Medicare and Medicaid’s Impact on the Fiscal Cliff

by Steven Schou, CFP, CFO, Senior Partner, Investment Advisor Representative

According to the National Commission on Fiscal Responsibility and Reform Report (NCFRR), federal healthcare spending represents our single largest fiscal challenge over the long-run. A brief history of Medicare shows that the largest change in social insurance occurred not in the cash benefits programs, such as social security, but rather in the area of health insurance. The Medicare program was initiated in 1965. On average, Americans live 14 years longer in retirement so at a time when the baby boomers start to reach age 65, overall health care costs continue to grow faster than the economy and federal health spending threatens to balloon. The $16 trillion debt and the ballooning obligations known as entitlements still haven’t been faced, and they threaten the long-term stability of the U.S. economy. Under its extended baseline scenario, the Congressional Budget Office (CBO) projects that federal health care spending for Medicare, Medicaid, the Children’s Health Insurance Program (CHIP), and the health insurance exchange subsidies will grow from nearly 6% of the GDP in 2010, to about 10% in 2035, and continue to grow thereafter. These projections likely understate true amounts because they count on large phantom savings through the Community Living Assistance Services and Supports Act, or “Class Act.” Commission members and virtually all budget experts agree that the rapid growth of federal healthcare spending is the primary driver of long-term deficits.
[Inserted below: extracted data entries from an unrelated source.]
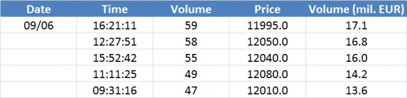 Největší obchody podle objemu na EURUSD (aktivní future kontrakt):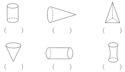 1. 下面的几何体中,是圆柱的在括号里画“〇”,是圆锥的在括号里画“△”。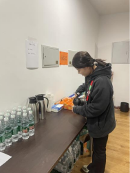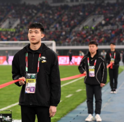 体职院的30名志愿者按照岗位分成两组,一组在赛场内拉隔离带、维护赛场采访秩序,一组在新闻发布厅、媒体看台区、混合采访区🪭、餐饮区负责首发名单的接收与传递、储物柜管理👩🏽‍🍼、设备检查🏝、秩序引导、收发物资、机动协调等工作。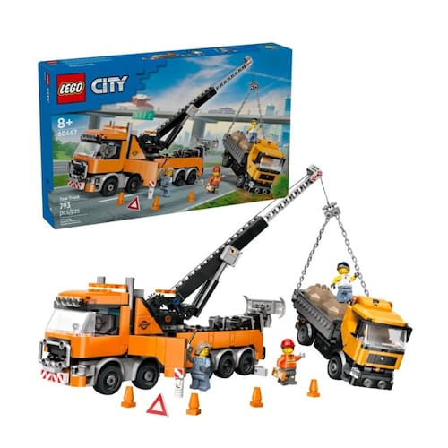 Fãs de veículos de brinquedo e brincadeiras de faz de conta vão adorar este conjunto LEGO City Caminhão Reboque de Recuperação Pesado com Guindaste com dupla função. O caminhão de reboque giratório de brinquedo vem com um guindaste funcional, estabilizadores e um elevador com guincho para carregar os veículos para reboque. As crianças também ganham um caminhão basculante funcional com uma carga de 2 pedras enormes, e o conjunto vem com 3 minifiguras LEGO para emocionantes aventuras de resgate de veículos.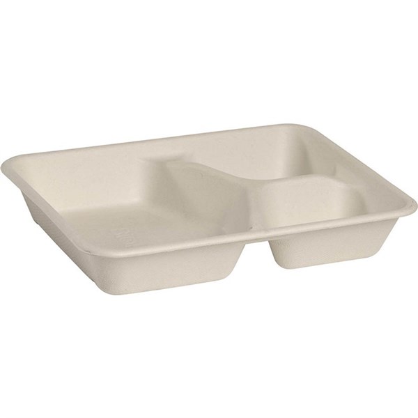 BIOPAK BIOCANE TAKEAWAY BASE 3 COMPARTMENT 240 X 180 X 40MM NATURAL PACK 125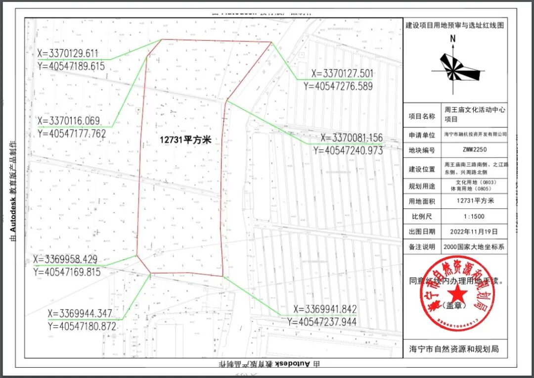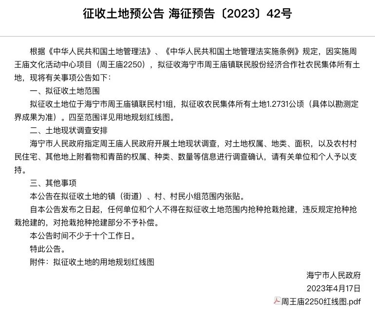 因实施周王庙文化活动中心项目(周王庙2250),拟征收海宁市周王庙镇联民股份经济合作社农民集体所有土地。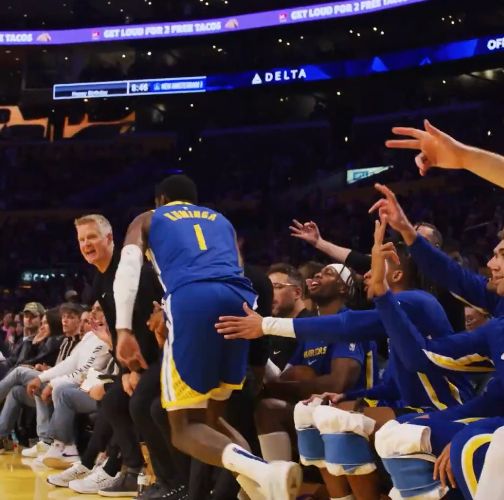 当库明加第三节暴走后肉眼可见的高兴啊,他命中三分后露出了自己洁白的大板牙,库明加这一节就征服了勇士球迷,不少勇士媒体已经开始道歉了。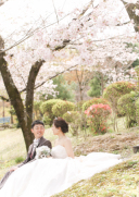 満開の八重桜と新緑が入る場所で後ろ姿を♪お2人の雰囲気もよくとっても素敵なお写真になりました!
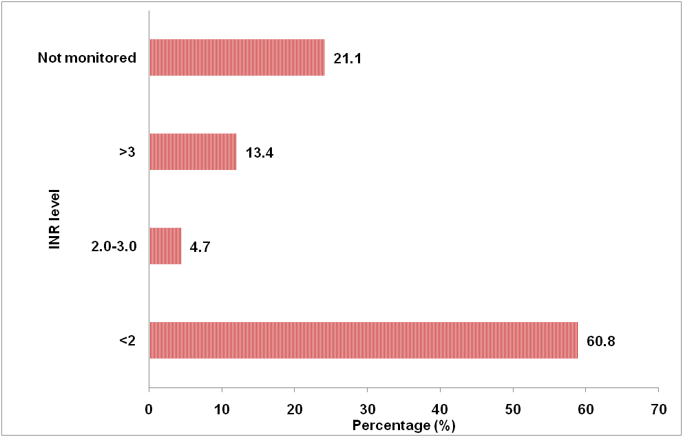 Fig. 2 shows the pattern of INR levels in the patients under study categorised according to therapeutic INR range (2-3). It also depicts the percentage of patients in whom INR monitoring was not adviced.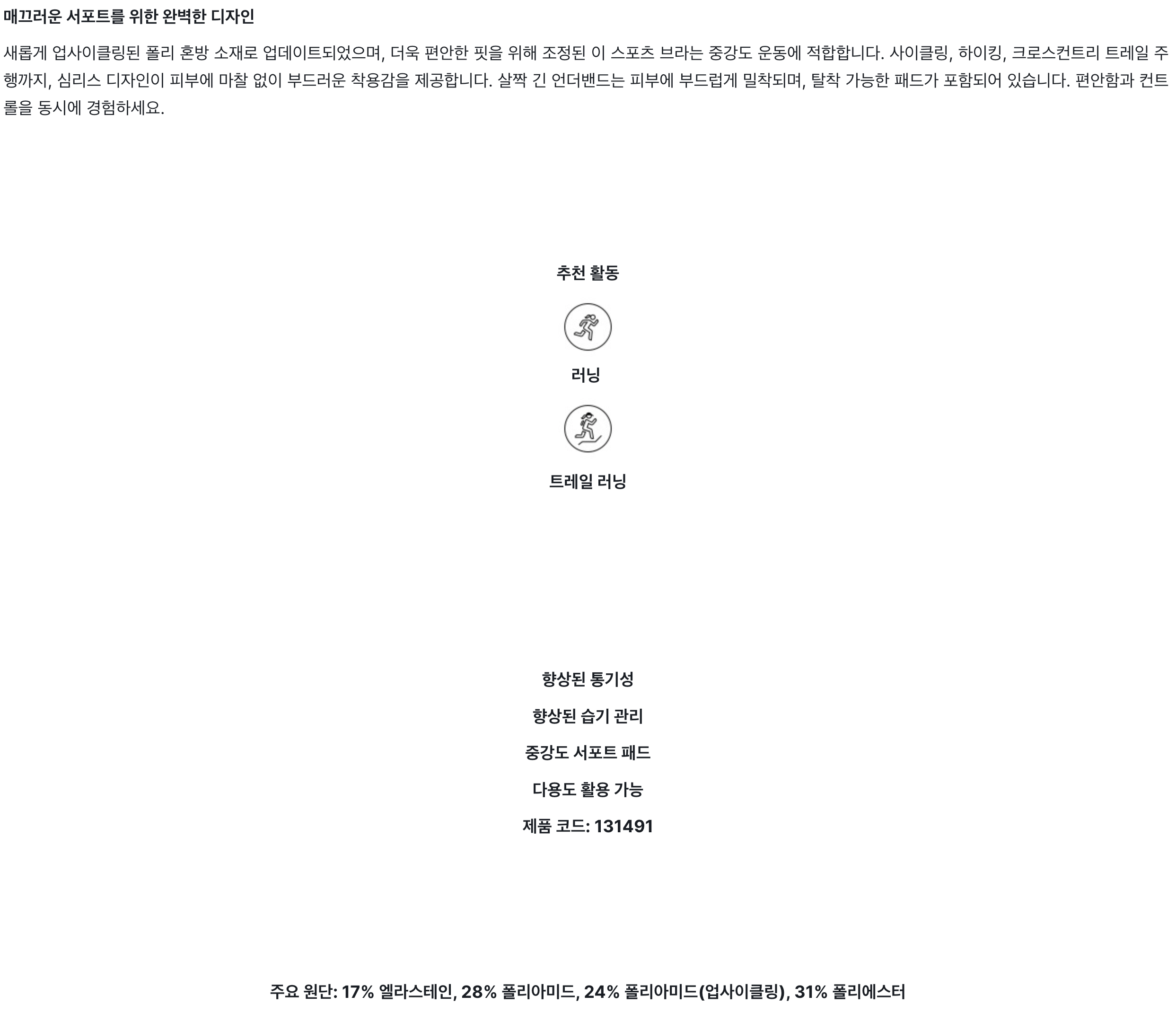 심리스 미디움 패디드 스포츠 브라 여성용 (131491_15015)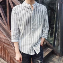 春季新品宽松男士条纹立领衬衫薄款时尚休闲青年落肩七分袖衬衣潮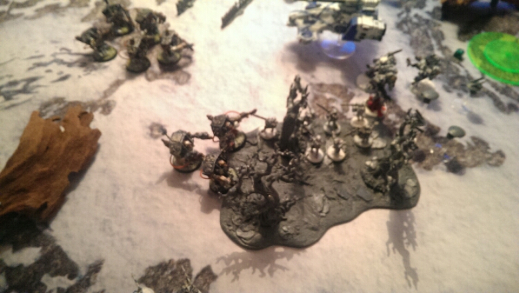 I target the firewarriors in the corner with one mob to kill them and get linebreaker and the other towards the center. I kill 3 of the firewarriors and the rest flee. The other runs 6″ towards the center. Some luck at least.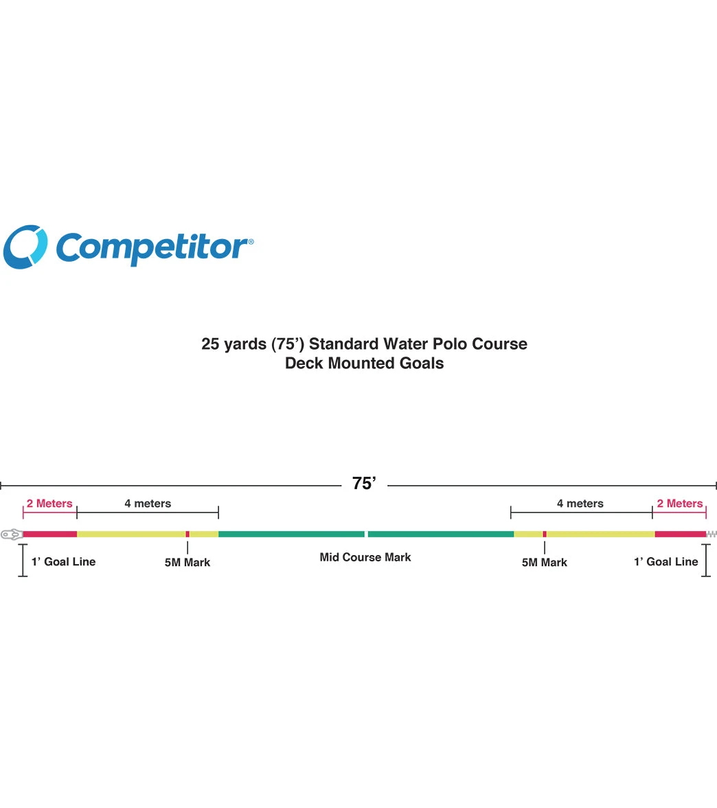 Water polo field of play consists of two sidelines, where the distance between the respective goal lines is 75 feet and 4″ diameter. The sidelines of the field of play from the goal line to the 2 meter line shall be marked in red; from the 2 meter line to the 5 meter line shall be marked in yellow and the middle of the sideline shall be marked in green. There is always a center mark that is white.
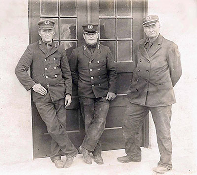 Lighthouse keeper Willard D. Miller is shown here in the middle at the Los Angeles Harbor Lighthouse where he was the keeper from 1915 to 1922. The man on the left of the photo is likely Frank Weller who was the 1st assistant keeper from 1916 to 1922 and later became the head keeper. (Courtesy Earle Miller.) Back to the edition of: May/Jun 2018

Fiscal prudence dictates that to keep Medicare and Medicaid intact along with the other wrap around programs involved, that there must be a target holding growth to the GDP plus 1%. If healthcare costs continue to grow as fast as the CBO and the Medicare actuaries project, it should require Congress and the President to consider actions that make more substantial structural reforms.

Many of the proposed fixes for Medicare, Social Security and other entitlements are not that radical. They include higher eligible ages and higher premiums for higher income seniors according to Robert J. Samuelson of the Washington Post.
According to a January 2012 Congressional Budget Office report; “Many of the people who would otherwise have enrolled in Medicare would face higher health insurance premiums, higher out-of-pocket deductibles, or both.” The same report however, noted that raising the eligibility age from 65 to 67, like Social Security, would cut the program’s cost by $148 billion from 2012 to 2021.

Without change, the U.S. is clearly on a parallel path to the kind of debt and spending problems that have seriously wounded some European nations. With the changing demographics of our country, the fiscal sustainability of Social Security, Medicare, Medicaid and various other programs may prove to be broken promises, without realistic fiscal adjustments.
In the greatest country in the world, we Americans have always pulled together to help each other out. Why should we not hold the President and Congress accountable to do what is best for current and future generations as well?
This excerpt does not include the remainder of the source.